Every month readers can submit questions to a chosen LGBTQ author about love, work, and life, and the author will answer them to the best of their ability.
This month’s column is handled by poet R. Erica Doyle.
Her first collection of poetry, proxy (2013), was nominated for a 2014 Lambda Literary Award and selected by poet Maggie Nelson for a Norma Farber First Book Award. Doyle’s work has been featured in the anthologies Our Caribbean: A Gathering of Lesbian and Gay Writing from the Antilles (2008), Gathering Ground: A Reader Celebrating Cave Canem’s First Decade (2006), Bum Rush the Page: A Def Poetry Jam (2001), and Best American Poetry (2001). Her honors include fellowships from the New York Foundation for the Arts, Cave Canem, and the Fine Arts Work Center in Provincetown and an Astraea Lesbian Foundation for Justice Lesbian Writers Fund Award in Poetry.
After a dry spell, my good friend started dating someone with whom he connects. He’d been really lonely for a long time and found it hard to meet an emotional and intellectual compatible companion. He is a hopeless romantic who has been looking for a boyfriend for a while now, so I was happy for him when I heard he met someone with whom he clicked.
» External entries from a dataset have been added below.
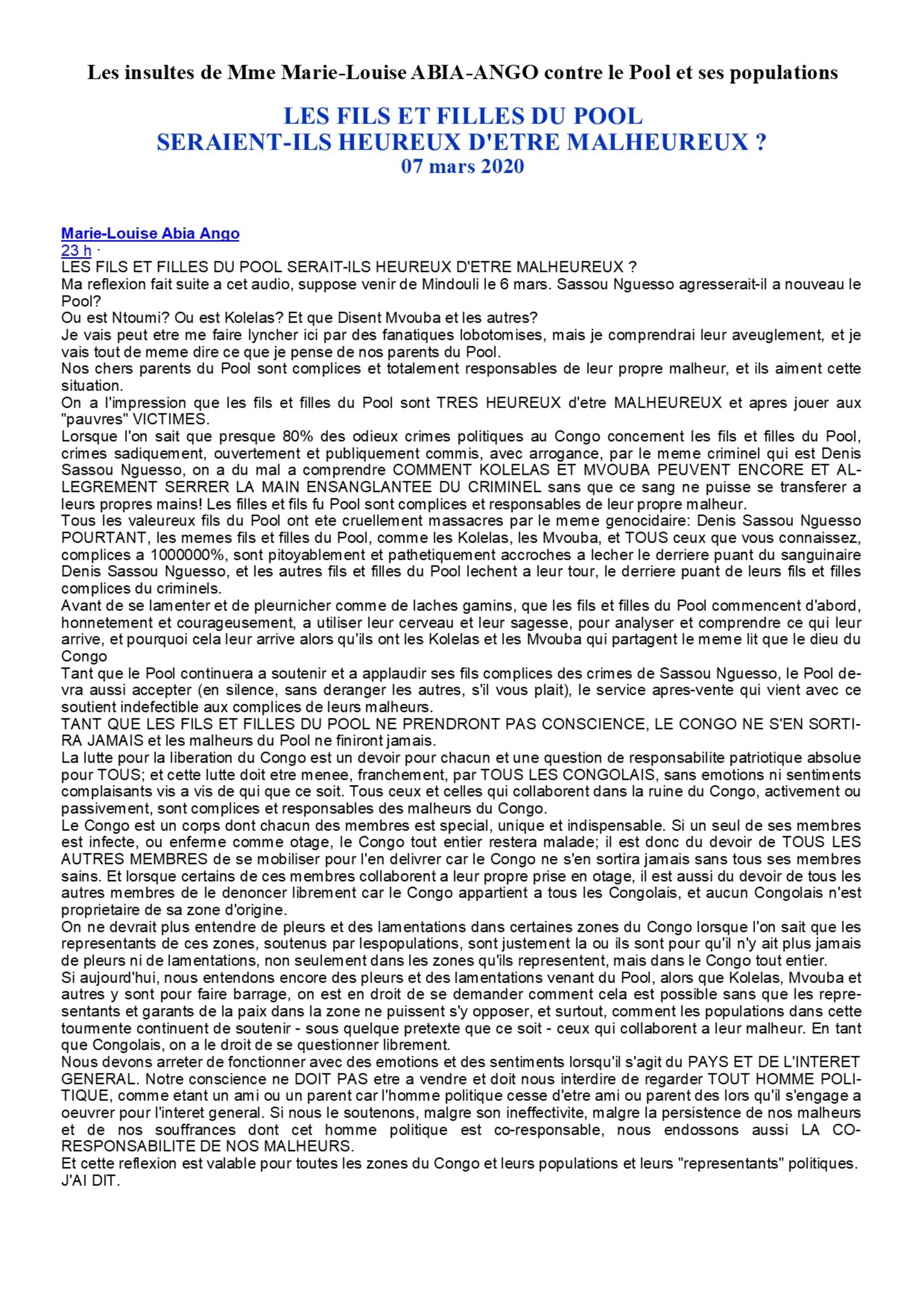 Marie-Louise Abia est incapable de récupérer le pouvoir qu'ils ont bêtement remis à Sassou en trahissant Lissouba. Mais comme ils sont lâches, ils veulent pousser les populations du Pool, en les provoquant, à se révolter et leur servir de chair à canon. Parce que, en écrivant : "ON A L'IMPRESSION QUE LES FILS ET LES FILLES DU POOL SONT TRES HEUREUX D'ÊTRE MALHEUREUX ET APRES JOUER AUX "PAUVRES" VICTIMES", Marie-Louise Abia Ango veut leur dire en clair : "Avec tout ce qu'on vous fait, qu'est-ce que vous attendez pour vous révolter... ?" Comme ça, après le carnage, elle et ses parents, les charognards, iront ramasser ce que les populations du Pool leur auront permis de récupérer. Or les lâches ce sont les Nibolek qui ont vite déposé les armes et ont vite conclu un accord de paix avec celui qui leur repris le pouvoir acquis démocratiquement, comme l'admet l'autre ancien repris de justice pour escroquerie en bande organisée. Ils envisagent une solution militaire pour récupérer leur pouvoir perdu par la trahison des Béembés de la Bouenza, mais pour cela ils comptent sur la révolte des Laris du Pool qu'ils détestent comme la peste. La preuve, Marie-Louise Abia Ango les insultes copieusement tout en leur demandant de l'aider à récupérer son pouvoir. Le papier de Marie-Louise Abia Ango, je vais le conserver aussi longtemps que possible jusqu'au jour où je le lui mettrai sous son nez et qu'elle m'explique de vive voix. Qu'elle continue de se moquer de nous. Pour obtenir ce qu'elle veut, ce n'est pas comme ça qu'elle l'obtiendra en insultant les gens qui souffrent, des gens qui n'ont rien fait à personne, mais qui payent à la place des Nibolek pour l'affaire de 1959. Alors ne comptez pas sur les cadavres des populations du Pool et des Laris pour aller vous asseoir dans le fauteuil que vous avez remis à Sassou par votre propre trahison.
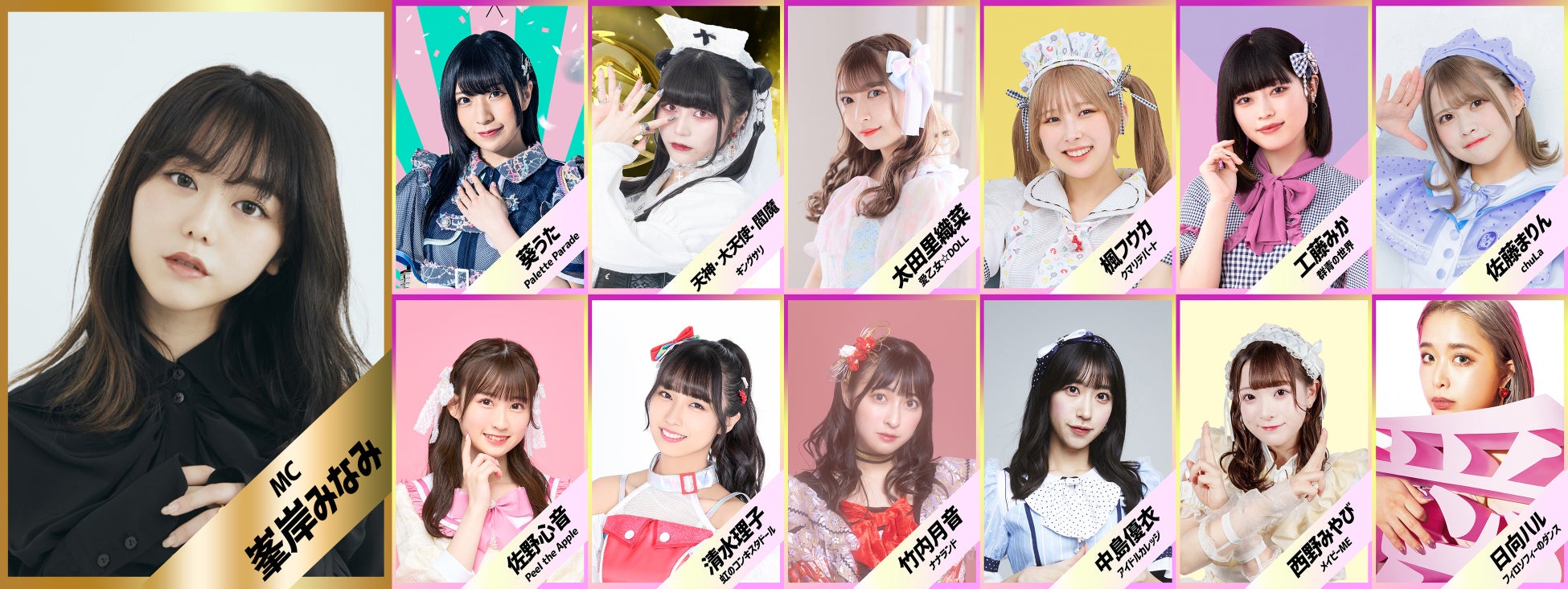 葵うた(Palette Parade)、天神・大天使・閻魔(キングサリ)、太田里織菜(愛乙女☆DOLL)、楓フウカ(クマリデパート)、工藤みか(群青の世界)、佐藤まりん(chuLa)、佐野心音(Peel the Apple)、清水理子(虹のコンキスタドール)、竹内月音(ナナランド)、中島優衣(アイドルカレッジ)、西野みやび(メイビーME)、日向ハル(フィロソフィーのダンス)※五十音順
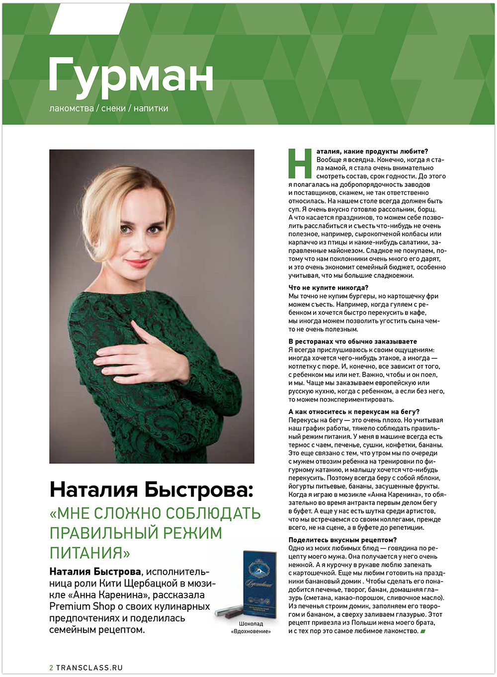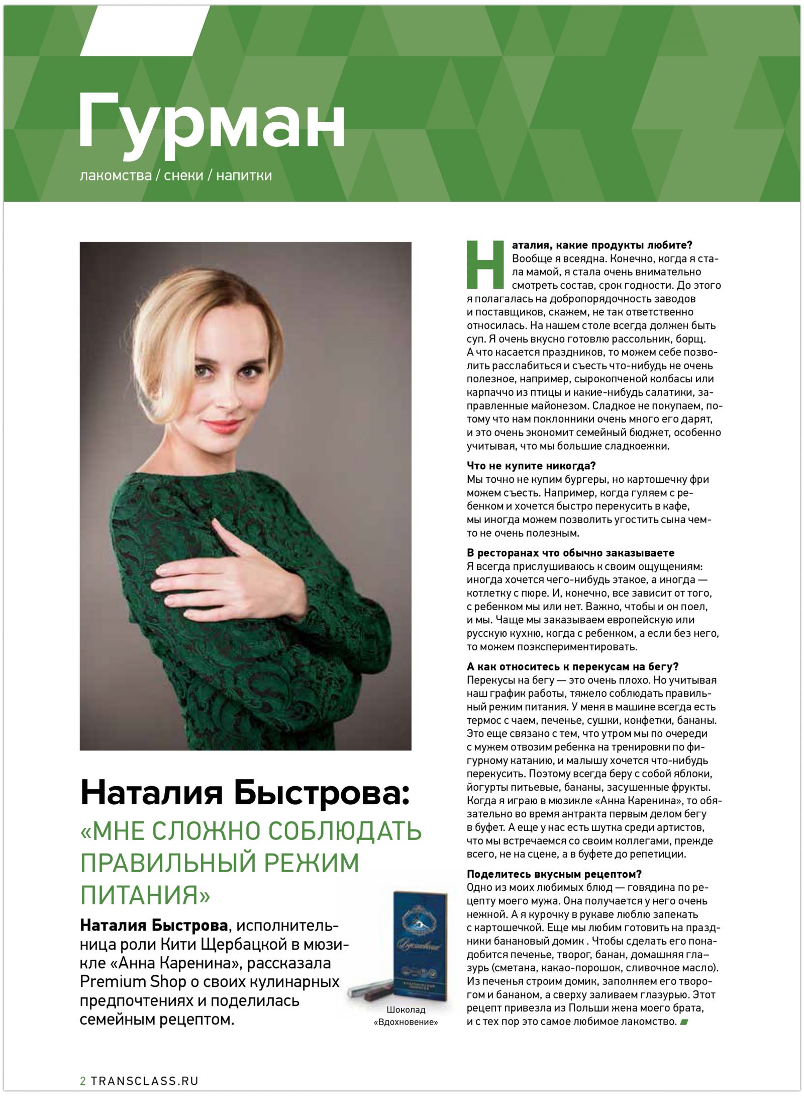 Журнал РЖД: «Наталия Быстрова: Мне сложно соблюдать правильный режим»
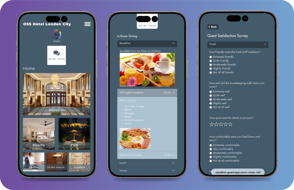 From their room, guests can request services, report issues, or order food—all through the Ask Mr Carson App for a seamless, personalised stay. AI Assist understands multiple languages and intelligently routes guest requests to the right department, improving response times and overall satisfaction.
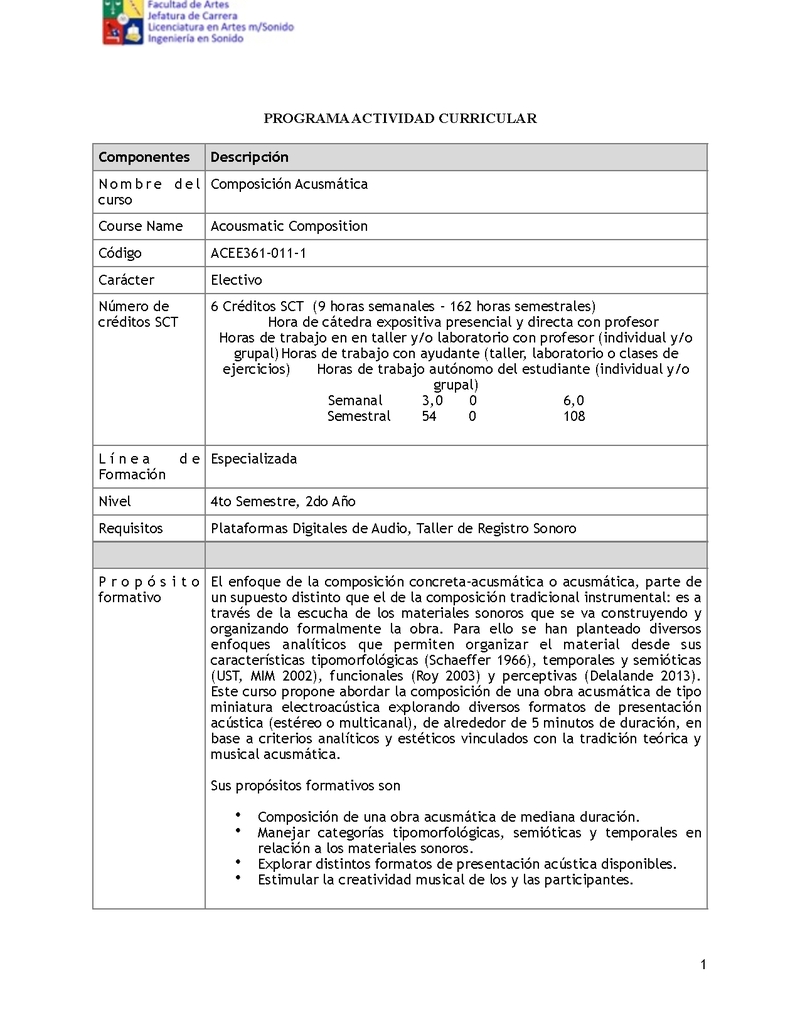 | Descripción | Programa curso composición acusmática, 2do semestre 2023 | |

So about two months ago, my friend told me that he and the guy were officially in a committed relationship and that this guy was “the one!” At a party recently, I met his boyfriend and it turns out that not only had my friend’s boyfriend and I fucked two weeks before (we met on Manhunt), but I have also seen my friend’s boyfriend cruising for trade every time I log on to the sex site. When we were introduced, the boyfriend and I acted like we did not know each other and kept it moving. Should I tell my friend about my recent tryst with his partner? I usually stay out of other people’s relationship dramas, but he is a good friend, and I fear that if he does find out about his partner from someone else, it could all blow up in my face (“You slept with my boyfriend, and you didn’t tell me?!”) Should I spill the beans?
To Tell the Truth
Your dilemma puts me in mind of the Baker in Lewis Carroll’s “The Hunting of the Snark: An Agony in 8 Fits,” a little ditty published in 1876 that, according to Carroll scholars, might convey existential angst, an allegory for tuberculosis or a parody of a 19th century “Six Degrees of Separation” case.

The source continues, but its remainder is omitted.